▶ TRY IT: What you give back from the listing below should be an exact copy of the lines from the one with "[ (الْمَادَّةُ 770)" down to the one with "天津依河傍海,自古便是連接南", and it should contain no pictures.

[[ INPUT MATERIAL, beginning ]]

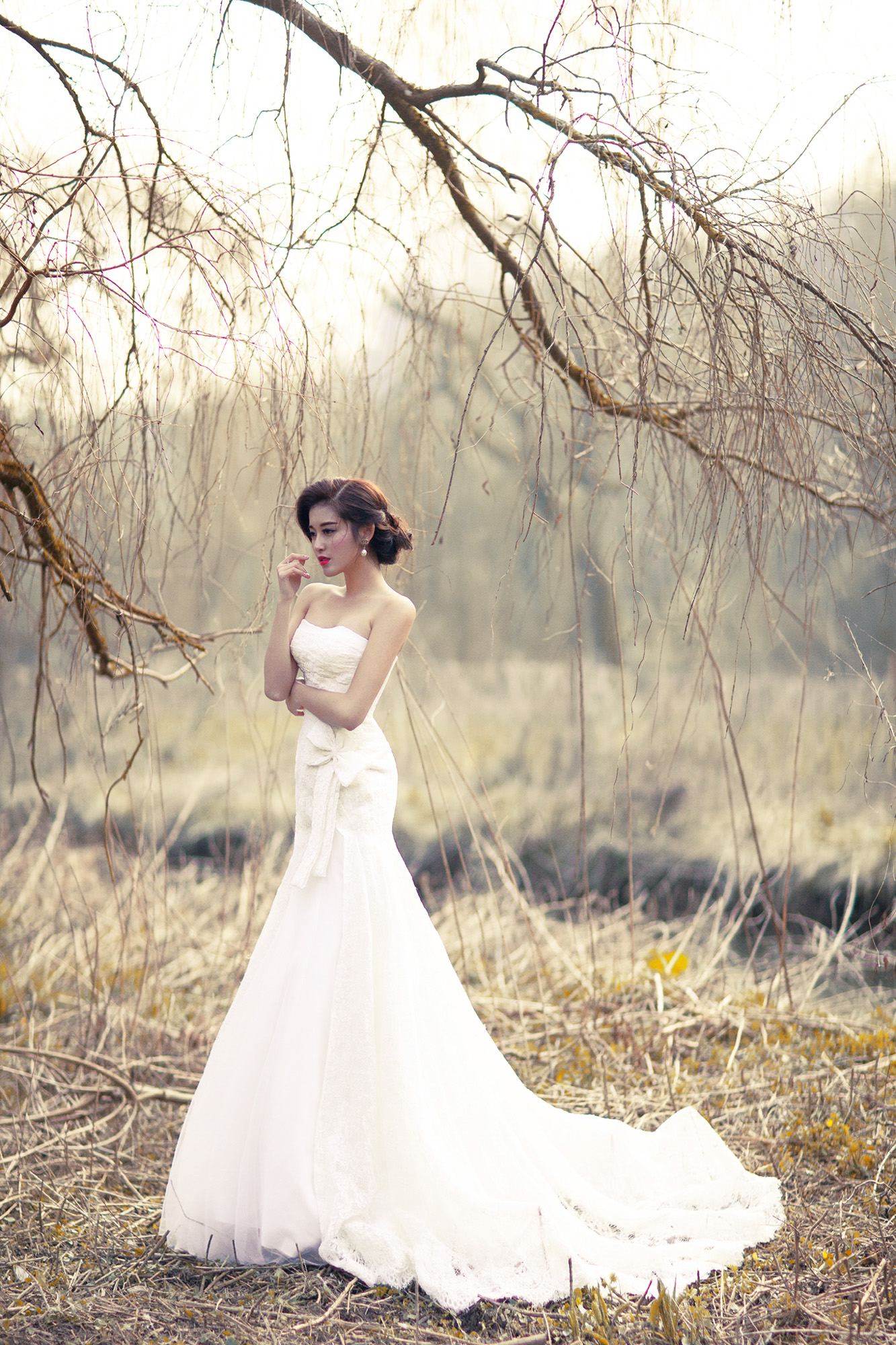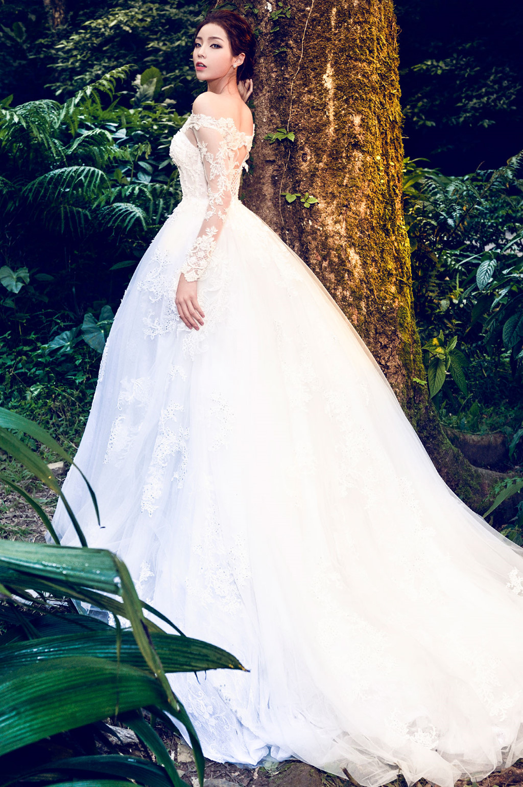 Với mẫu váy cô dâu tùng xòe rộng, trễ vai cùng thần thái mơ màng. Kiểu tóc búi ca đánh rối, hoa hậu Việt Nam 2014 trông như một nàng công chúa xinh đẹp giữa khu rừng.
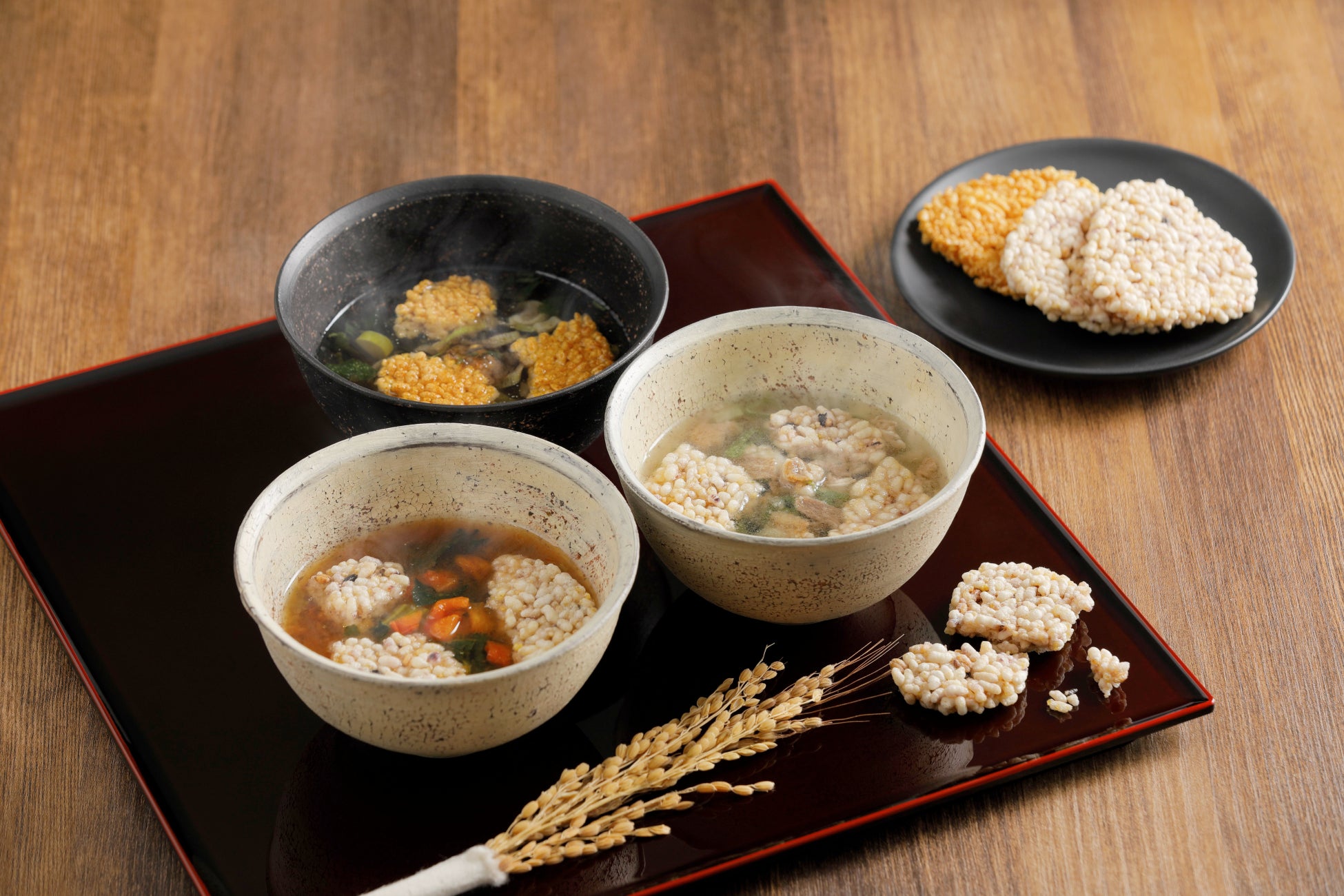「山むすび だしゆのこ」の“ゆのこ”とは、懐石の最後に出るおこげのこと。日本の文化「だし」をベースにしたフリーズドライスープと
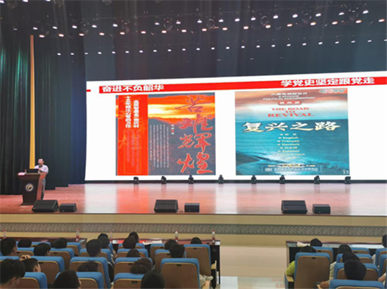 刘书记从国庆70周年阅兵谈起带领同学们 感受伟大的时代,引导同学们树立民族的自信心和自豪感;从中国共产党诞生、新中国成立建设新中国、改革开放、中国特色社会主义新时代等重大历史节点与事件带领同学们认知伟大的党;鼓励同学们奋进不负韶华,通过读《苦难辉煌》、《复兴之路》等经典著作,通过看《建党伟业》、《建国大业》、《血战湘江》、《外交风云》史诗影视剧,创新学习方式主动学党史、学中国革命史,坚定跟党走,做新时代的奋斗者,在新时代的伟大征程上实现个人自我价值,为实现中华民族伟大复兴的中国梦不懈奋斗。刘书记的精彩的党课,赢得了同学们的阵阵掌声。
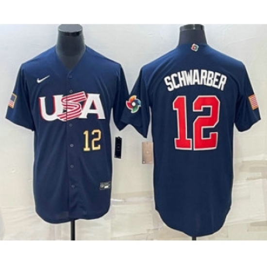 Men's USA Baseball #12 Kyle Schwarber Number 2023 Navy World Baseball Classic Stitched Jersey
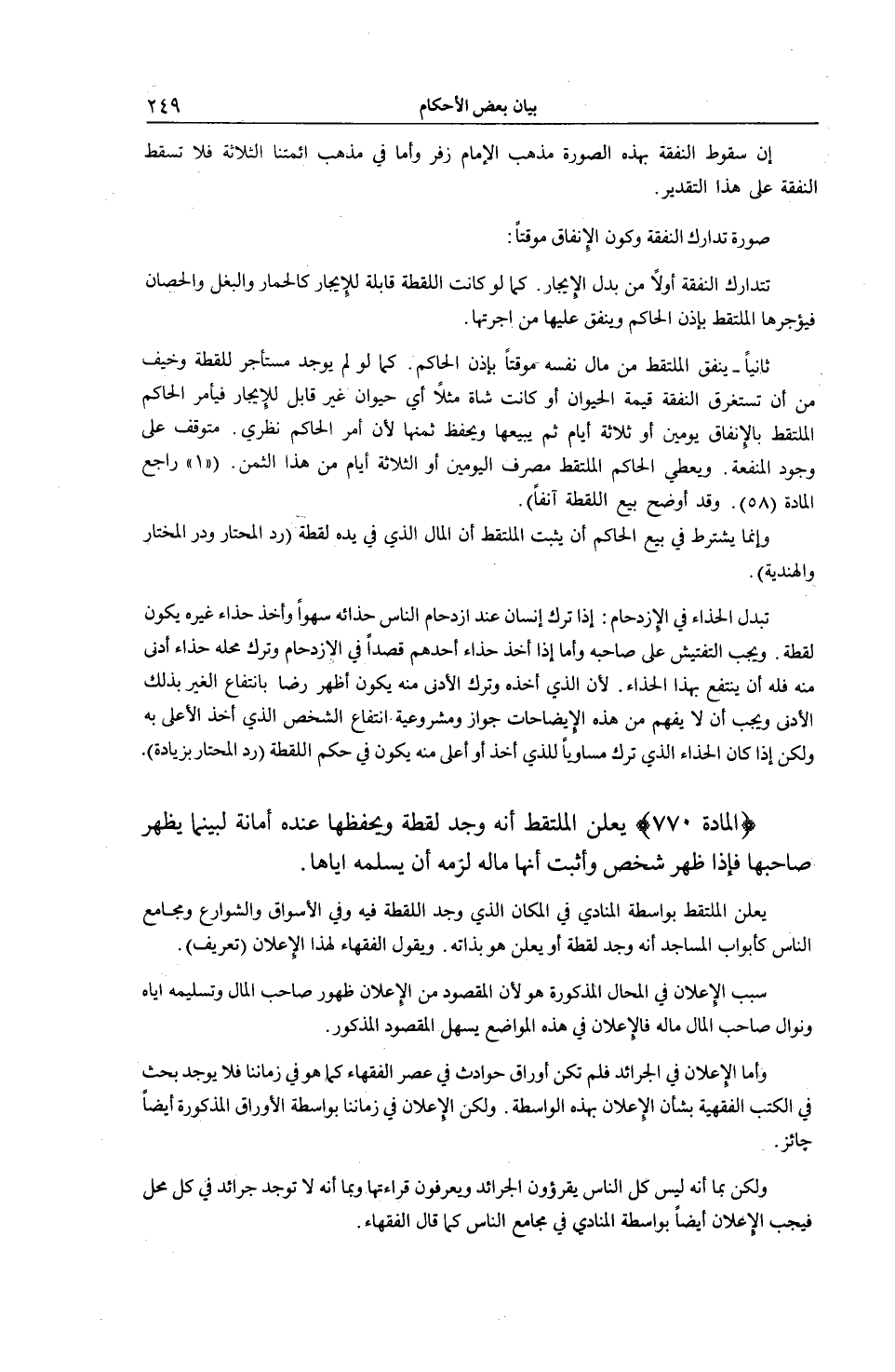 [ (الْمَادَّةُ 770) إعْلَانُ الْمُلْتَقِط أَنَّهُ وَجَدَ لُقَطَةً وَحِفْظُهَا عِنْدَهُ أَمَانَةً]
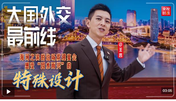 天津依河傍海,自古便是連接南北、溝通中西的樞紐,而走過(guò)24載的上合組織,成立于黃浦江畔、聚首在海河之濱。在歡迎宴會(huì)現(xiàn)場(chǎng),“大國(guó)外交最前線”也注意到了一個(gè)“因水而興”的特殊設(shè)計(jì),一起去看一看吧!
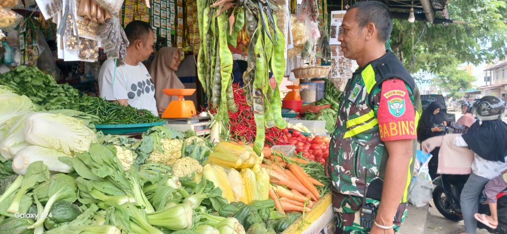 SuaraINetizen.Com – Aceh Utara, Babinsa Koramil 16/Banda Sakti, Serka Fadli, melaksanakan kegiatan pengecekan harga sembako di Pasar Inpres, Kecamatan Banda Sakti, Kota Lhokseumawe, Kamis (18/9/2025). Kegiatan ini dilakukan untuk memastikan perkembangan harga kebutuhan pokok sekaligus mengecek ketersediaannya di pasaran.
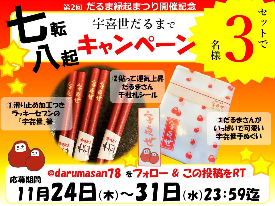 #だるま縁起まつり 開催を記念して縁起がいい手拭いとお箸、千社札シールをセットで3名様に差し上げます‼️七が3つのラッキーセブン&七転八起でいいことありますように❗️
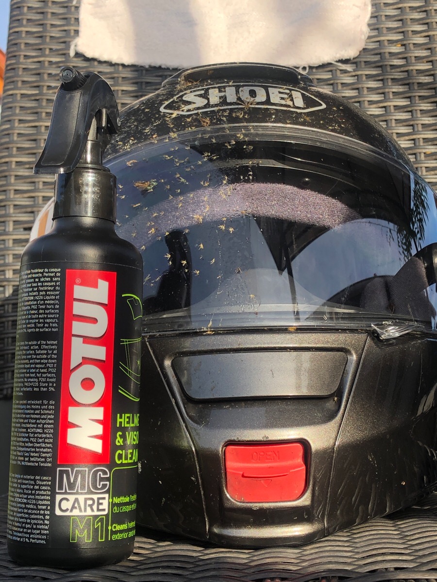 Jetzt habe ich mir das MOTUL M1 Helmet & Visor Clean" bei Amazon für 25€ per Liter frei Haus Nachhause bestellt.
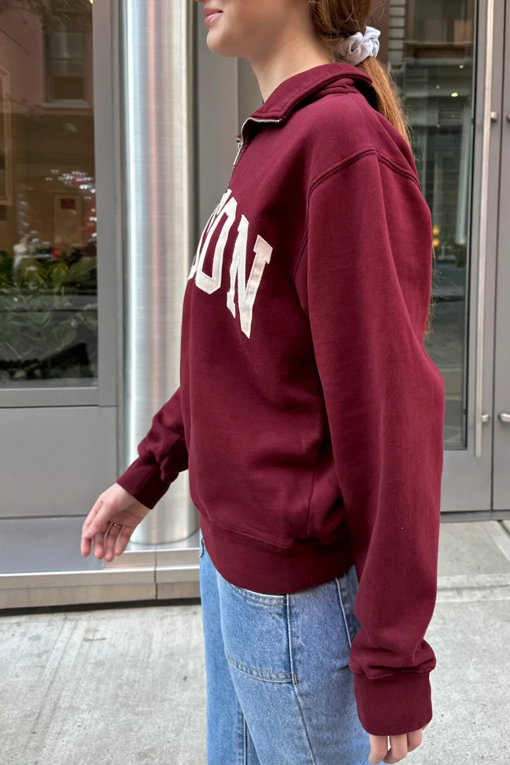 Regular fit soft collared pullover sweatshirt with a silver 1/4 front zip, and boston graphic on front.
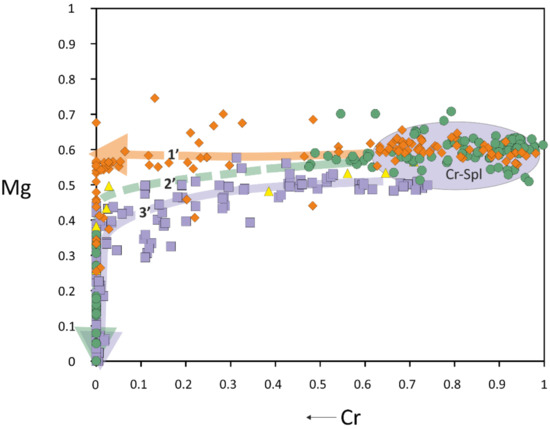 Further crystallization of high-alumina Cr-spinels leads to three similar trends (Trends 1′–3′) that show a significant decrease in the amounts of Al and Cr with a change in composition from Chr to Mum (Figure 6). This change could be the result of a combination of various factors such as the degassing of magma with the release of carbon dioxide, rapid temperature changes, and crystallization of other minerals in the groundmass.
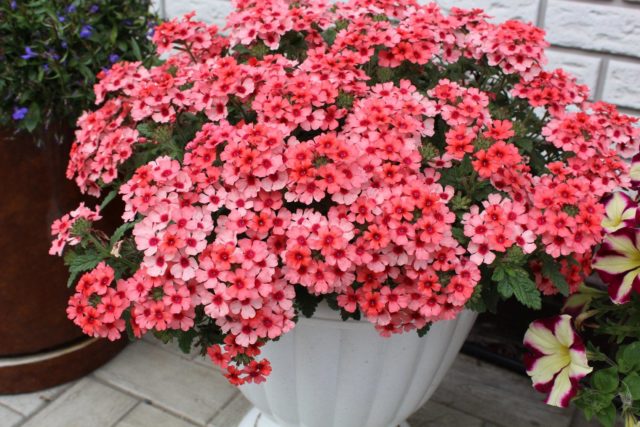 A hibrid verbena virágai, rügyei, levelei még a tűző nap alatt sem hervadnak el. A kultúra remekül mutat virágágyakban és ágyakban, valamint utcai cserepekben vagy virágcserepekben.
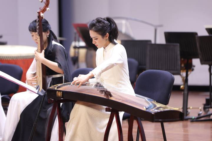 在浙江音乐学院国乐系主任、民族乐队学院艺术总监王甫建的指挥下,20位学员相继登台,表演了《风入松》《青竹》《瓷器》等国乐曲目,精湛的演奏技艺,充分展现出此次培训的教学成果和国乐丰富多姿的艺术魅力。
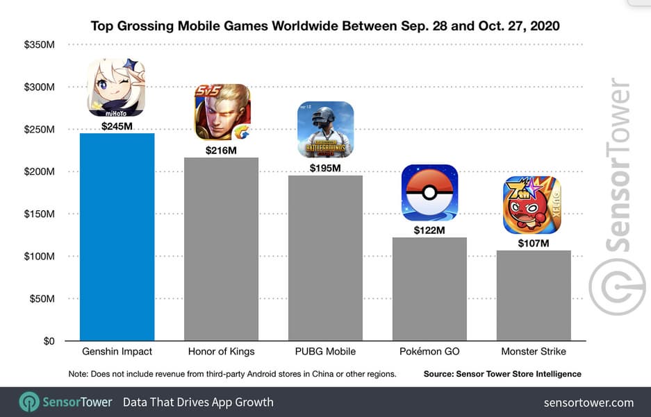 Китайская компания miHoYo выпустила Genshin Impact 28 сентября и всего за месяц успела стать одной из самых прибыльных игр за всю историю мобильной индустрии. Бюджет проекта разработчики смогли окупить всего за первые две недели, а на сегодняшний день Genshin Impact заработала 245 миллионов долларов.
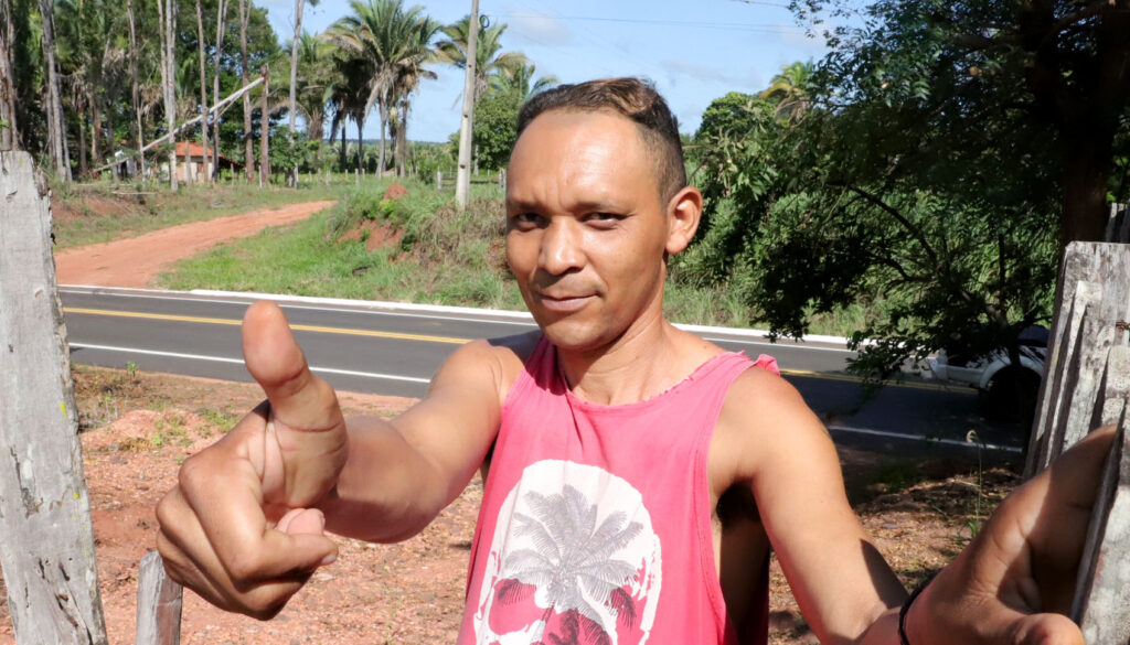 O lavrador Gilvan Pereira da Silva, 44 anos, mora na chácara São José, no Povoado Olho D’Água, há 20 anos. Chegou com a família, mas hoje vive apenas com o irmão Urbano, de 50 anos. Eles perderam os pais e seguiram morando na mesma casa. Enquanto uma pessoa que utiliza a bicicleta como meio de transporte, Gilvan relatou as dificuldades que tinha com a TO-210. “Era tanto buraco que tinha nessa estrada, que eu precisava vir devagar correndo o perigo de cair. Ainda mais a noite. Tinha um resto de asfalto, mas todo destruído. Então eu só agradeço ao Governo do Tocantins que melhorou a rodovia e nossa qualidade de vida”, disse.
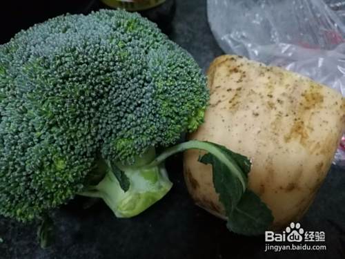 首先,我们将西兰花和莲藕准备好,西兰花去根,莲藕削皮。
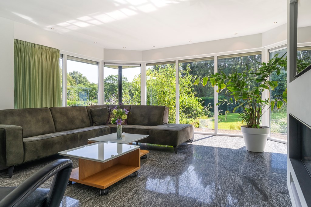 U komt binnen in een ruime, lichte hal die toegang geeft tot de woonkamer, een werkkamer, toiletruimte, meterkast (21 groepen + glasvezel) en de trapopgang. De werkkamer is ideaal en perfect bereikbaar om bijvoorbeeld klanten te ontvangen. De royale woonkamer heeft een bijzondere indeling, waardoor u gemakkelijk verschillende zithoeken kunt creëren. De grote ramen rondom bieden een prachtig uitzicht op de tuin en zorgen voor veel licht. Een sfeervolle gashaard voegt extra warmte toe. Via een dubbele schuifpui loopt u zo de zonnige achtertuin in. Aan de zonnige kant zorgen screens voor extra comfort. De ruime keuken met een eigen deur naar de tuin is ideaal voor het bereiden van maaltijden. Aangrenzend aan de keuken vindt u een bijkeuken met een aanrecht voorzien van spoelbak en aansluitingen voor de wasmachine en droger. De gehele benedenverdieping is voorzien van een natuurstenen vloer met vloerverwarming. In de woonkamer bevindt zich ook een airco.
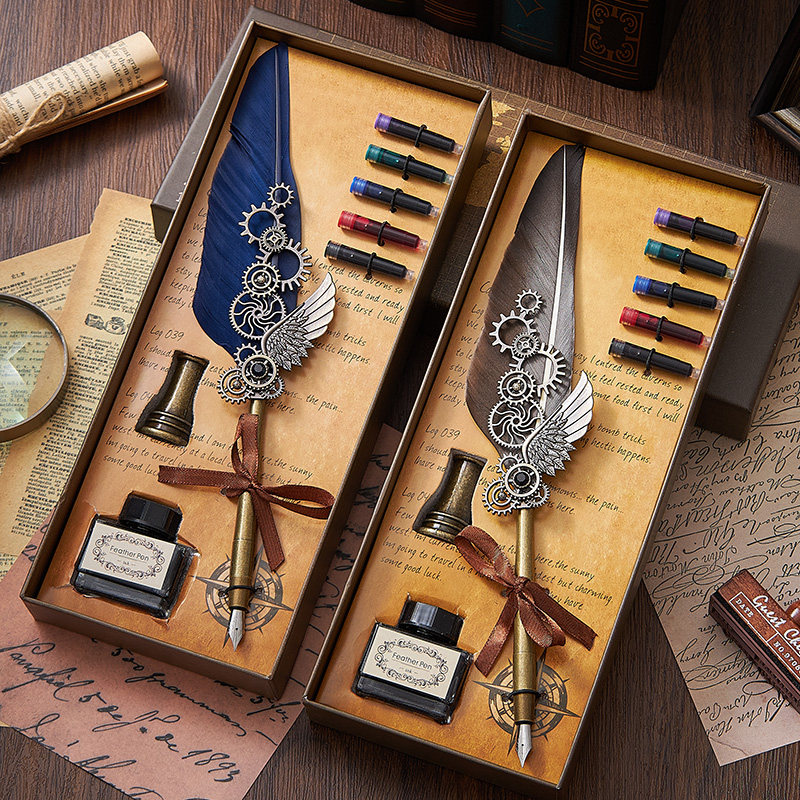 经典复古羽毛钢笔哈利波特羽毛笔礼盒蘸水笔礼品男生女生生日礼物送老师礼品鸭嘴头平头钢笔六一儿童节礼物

[[ INPUT MATERIAL, end ]]

▶ YOUR RESPONSE:
 [ (الْمَادَّةُ 770) إعْلَانُ الْمُلْتَقِط أَنَّهُ وَجَدَ لُقَطَةً وَحِفْظُهَا عِنْدَهُ أَمَانَةً]
 天津依河傍海,自古便是連接南北、溝通中西的樞紐,而走過(guò)24載的上合組織,成立于黃浦江畔、聚首在海河之濱。在歡迎宴會(huì)現(xiàn)場(chǎng),“大國(guó)外交最前線”也注意到了一個(gè)“因水而興”的特殊設(shè)計(jì),一起去看一看吧!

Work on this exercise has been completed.